Edit to specify a bit more:
I doesn't have to be binding originally made for all mountain, could as well be freeride or freestyle. Just as long as it is your personal favorite for riding all mountain.

Edit 2: Changed title from: What is your favorite all mountain binding?

Edit 3: There is no wrong choice as long as it is your favorite. It doesn't matter if someone else already mentioned it. As long as it is your personal favorite, it will be the best answer you can give.


----------



## Etienne (Apr 2, 2021)

I am really, really impressed with my Salomon Highlanders so far (I only have ~10 days on them, not in all kind of conditions). It's a bit early to call them "best bindings ever", but still you get the idea.
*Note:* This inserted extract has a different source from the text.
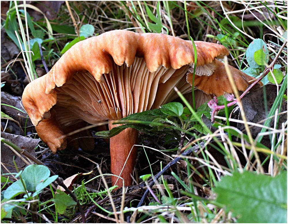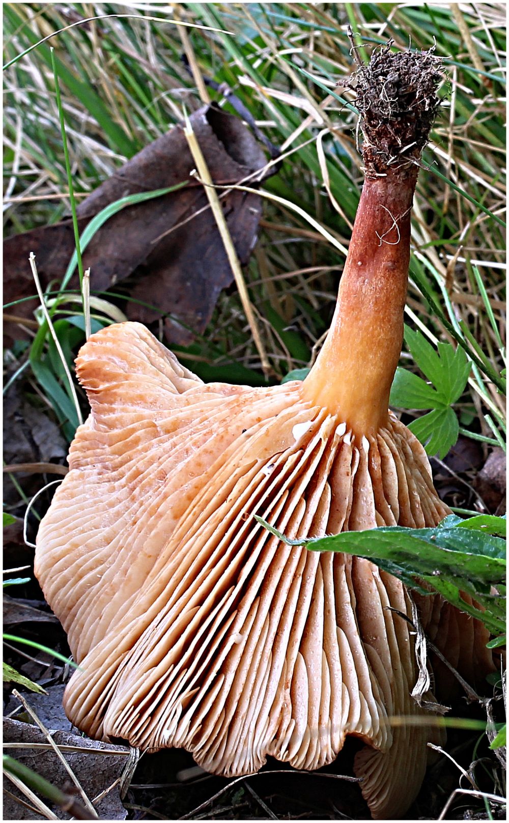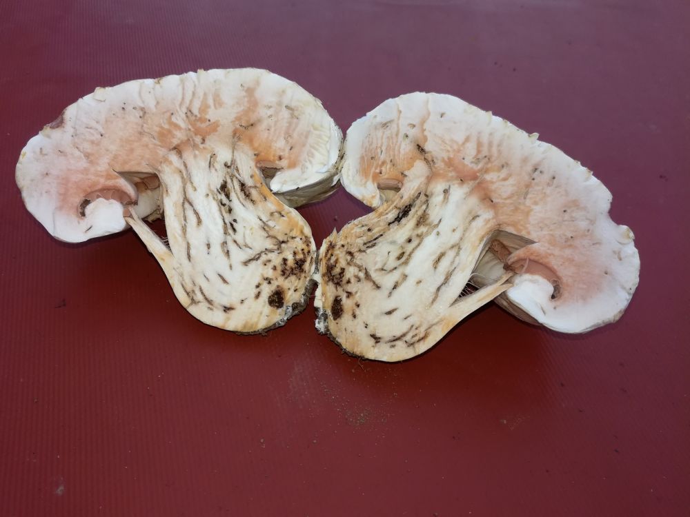 Na zahradě mi roste více druhů hub většinu jich neznám, tohle mi virostlo tento týden pod modřínem. Myslel jsem že to je píchavka, ale když jsem to vydloubl tak jsem zjistil, že to bude něco jiného, průměr klobouku cca 15cm vůně dost výrazná .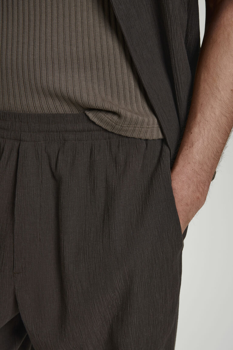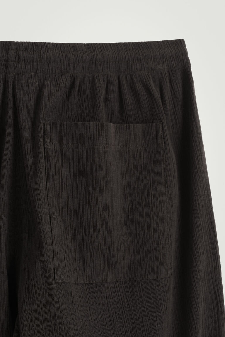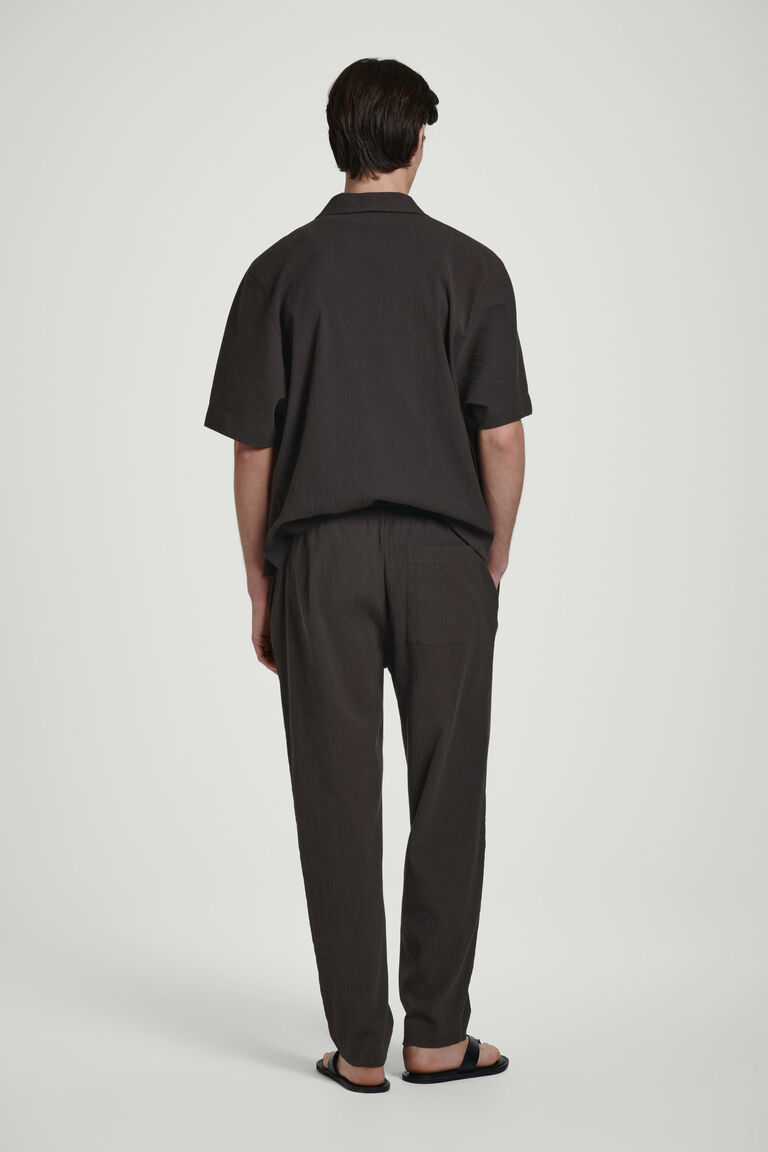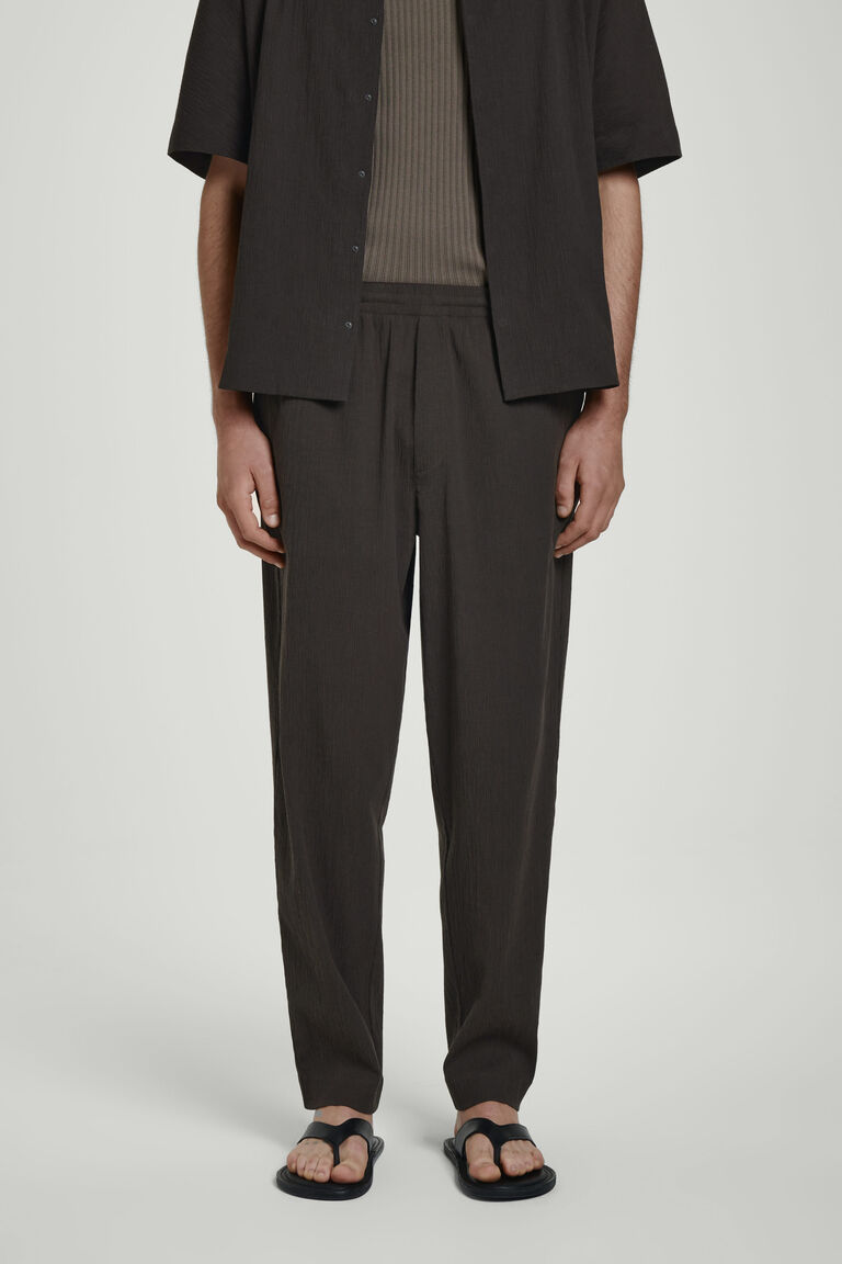 These modern trousers lend subtle texture to the summer wardrobe. Offered in a rich espresso hue, they're made from crinkled cotton-blend jersey and feature an elasticated waistband and a number of pockets. Wear them as a set with the matching shirt.

I am huge fan of the shadowfit system, not only for the movement it allows but also because it doesn't transmit all kind of parasite forces/torque. Still it's absolutely there when you need to push hard and really like the added stiffness compared to holograms. My old Holograms used to feel a bit light in certain freeride conditions, but the Highlanders really hit the nail here. They are never in the way when you tweak, surf, move, but always there when you push. Hard to see a situation where they aren't just excellent bindings–except splitboarding… Plus they are dead simple to fit and adjust.


----------



## NT.Thunder (Jan 4, 2020)

K2 Lien AT's are my favorite so far - simple and just work. Comfortable, dependable, great feel whether carving or slashing just love them.


----------



## AC93 (May 1, 2020)

Burton Malavita, have been my favorite for a while. Mostly, because of the all day comfort and great response.
I have 3 sets of them, for my Orca, Asymulator and I bought an extra set this season on sale, that I'm planning on using for the 2023 Mega Merc, when that comes in store.


----------



## 16gkid (Dec 5, 2012)

Now Drives with burton straps are my go to bindings, have had them for about 5 seasons and theyre still working great


----------



## ridethecliche (Feb 27, 2019)

Cartel X. 

Haven't had to even think about them since I got them. So so so solid.


----------



## BobbyGrand (Jan 3, 2014)

Rome Cleavers - the AUX strap is the most secure / comfortable strap I have ever used! The adjustability is also insane with the heel strap to allow for more or less response.


----------



## Oldman (Mar 7, 2012)

I'm a Flow Fan boy, what can I say. At my age, ( 60+) the days of sitting on my ass in the snow to strap in are long, long gone. I have a number of sets of Flow NX2's, AT's etc and they have all been rock solid. I have never had a parts issue with any of them. That aside, they ride awesome. I go 200 to 210 depending on how far away the last holiday was and they supply me with all the control I need. Everything gets sent directly to the deck via the aluminum base plate. Others want a little more flex, but at my size, I ain't looking for flex.
Once they are dialed in, I hardly ever have to adjust them.
So, reliability, performance, ease of use. NX2's cover it all for me. Looking forward to trying the new Nidecker Step-Ins. Might have to get a new board for those.


----------



## Schoobang (Nov 4, 2019)

16gkid said:


> Now Drives with burton straps are my go to bindings, have had them for about 5 seasons and theyre still working great


Same here! Now drives with burtons DT hammock straps are my absolute favorites. Great for charging and carving, but I sometimes prefer my Rome Katanas for a bit more lateral flex and board feel.


----------



## dddjr (Jan 7, 2022)

historically the cartels.........but this season i got on some nitro teams and i may have a new favorite! nitros seem a bit damper and equal to or greater response.


----------



## unsuspected (Oct 26, 2015)

16gkid said:


> Now Drives with burton straps are my go to bindings, have had them for about 5 seasons and theyre still working great





Schoobang said:


> Same here! Now drives with burtons DT hammock straps are my absolute favorites. Great for charging and carving, but I sometimes prefer my Rome Katanas for a bit more lateral flex and board feel.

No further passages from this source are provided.